Directions for this task
Output only the lines below from the one holding "Figure 3: Reverse" down to the one holding "Rugby Top (Optional)", both end lines included and every picture dropped.

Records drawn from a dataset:
------------------------------------------------------------

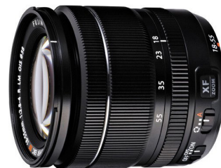
FUJIFILM XF 18 – 55MM F2.8 - 4
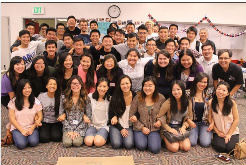
AACF SoCal Student Training

Please pray for these student leaders. They are the next generation that will bring the Gospel into their homes, their neighborhoods, their churches, their workplace, their community, and the world. Pray for me. That I will not forget to get out of the office and respond to the opportunity to do face-to-face ministry.
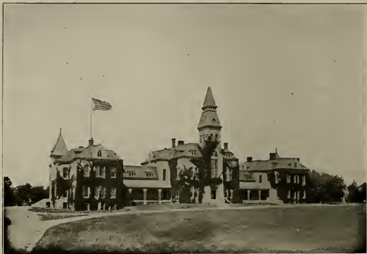
MAIN BUILDING, AGRICULTURAL COLLEGE.

scrip. The city of Manhattan, fearing the agricultural college would be consolidated with the university at Lawrence, gave $12,000 (the result of a bond election) toward the purchase.
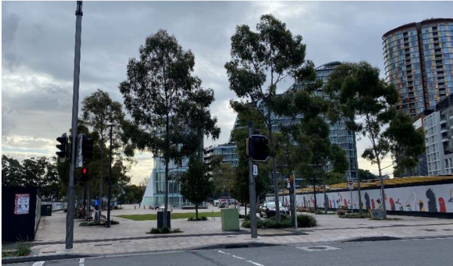
Site 1 viewed from Paul Street looking west
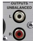
Fig 3-9: PS-PLAY RCA Phono Analogue Outputs.
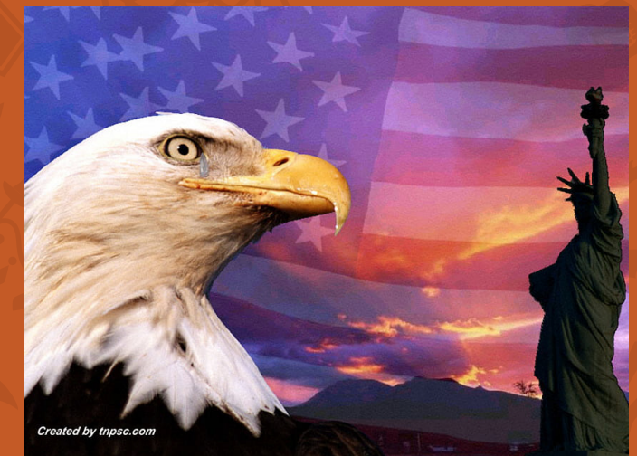
Created by Inps.com
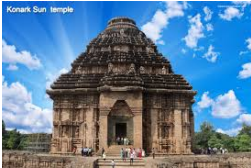
The Konark Sun temple

the most beautiful temples such as the Lingaraja temple built by the Ganga rulers, the Mukteshwara temple at Bhubaneswar and the Jagannath temple at Puri.
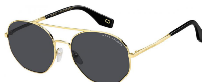
MARC 327/S - $299.90

Putting a contemporary twist on the classic Aviator with rimless lenses and a flatter frame front, this over-sized guys frame will look great on women too.
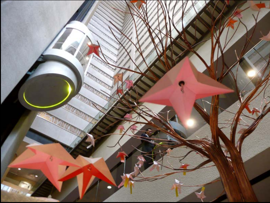
The "Tree of Promises"
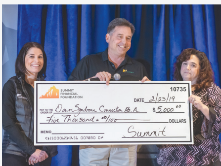
Summit donates to the Down Syndrome Connection Bay Area at our 2019 Summit Symposium.
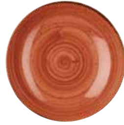
LARGE COUPE BOWL SSOSPLC21 31cm 12" 240cl 84.5oz CTN QTY 6
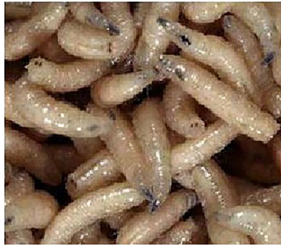
Figure 4: Lucilia sericata , a species used for maggot debridement therapy 6
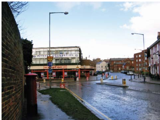
The main approach into Hitchin Town Centre from Park Street is disappointing

Many stakeholders felt that the main 'entries' into the town were disappointing and failed to reflect the high quality of the historic environment within the town. Improvements were particularly sought at the northern end of Hitchin Hill, where Park Street meets Queen Street and Bridge Street, and along Queen Street, where traffic and modern development dominates.
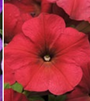
Petunia Easy Wave Berry Velour
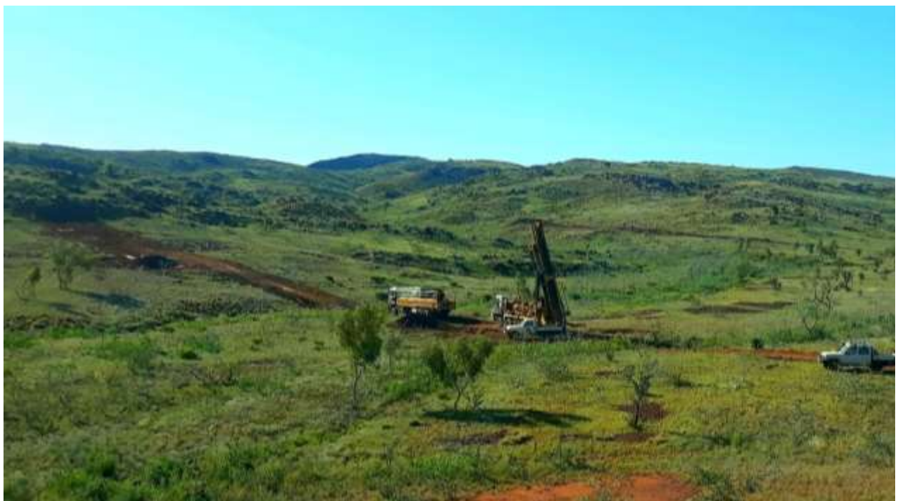
Figure 3: Reverse Circulation (RC) drill rig operating at the Fuego prospect, Croydon Project.

A rig is currently operating on site at Fuego, with a total of up to 12 widely spaced reconnaissance holes planned to be drilled in this first-pass program.
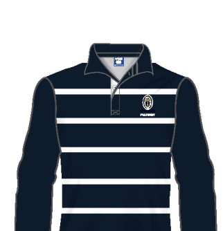
Rugby Top (Optional)
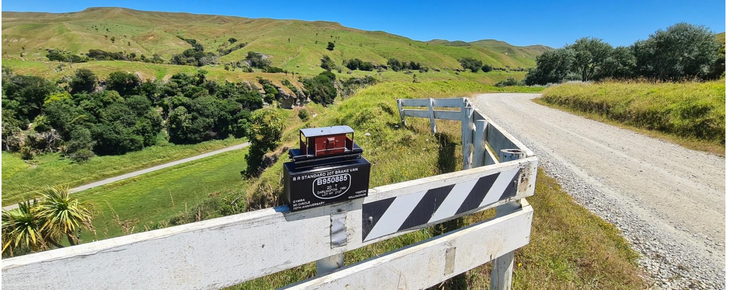
A little further south, the road reaches an impasse where it has to zig zag down to get around a line of cliffs. The continuation of the road is visible below the cliffs.
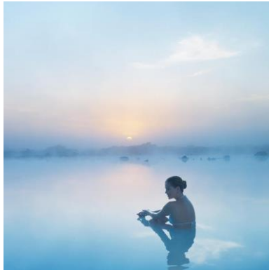
The Blue lagoon

After an amazing day, return to the hotel for dinner and overnight.
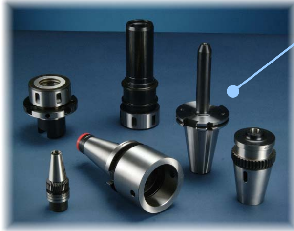
Typical special toolholders

Heat Shrink Front End Now Available on all Specials
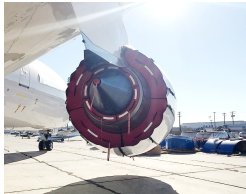
Boeing 787 Dreamliner Bypass Vent, Turbine Exhaust, & Exhaust Nozzle Plugs, Genx Engines

------------------------------------------------------------

Exercise solution
Figure 3: Reverse Circulation (RC) drill rig operating at the Fuego prospect, Croydon Project.

A rig is currently operating on site at Fuego, with a total of up to 12 widely spaced reconnaissance holes planned to be drilled in this first-pass program.
Rugby Top (Optional)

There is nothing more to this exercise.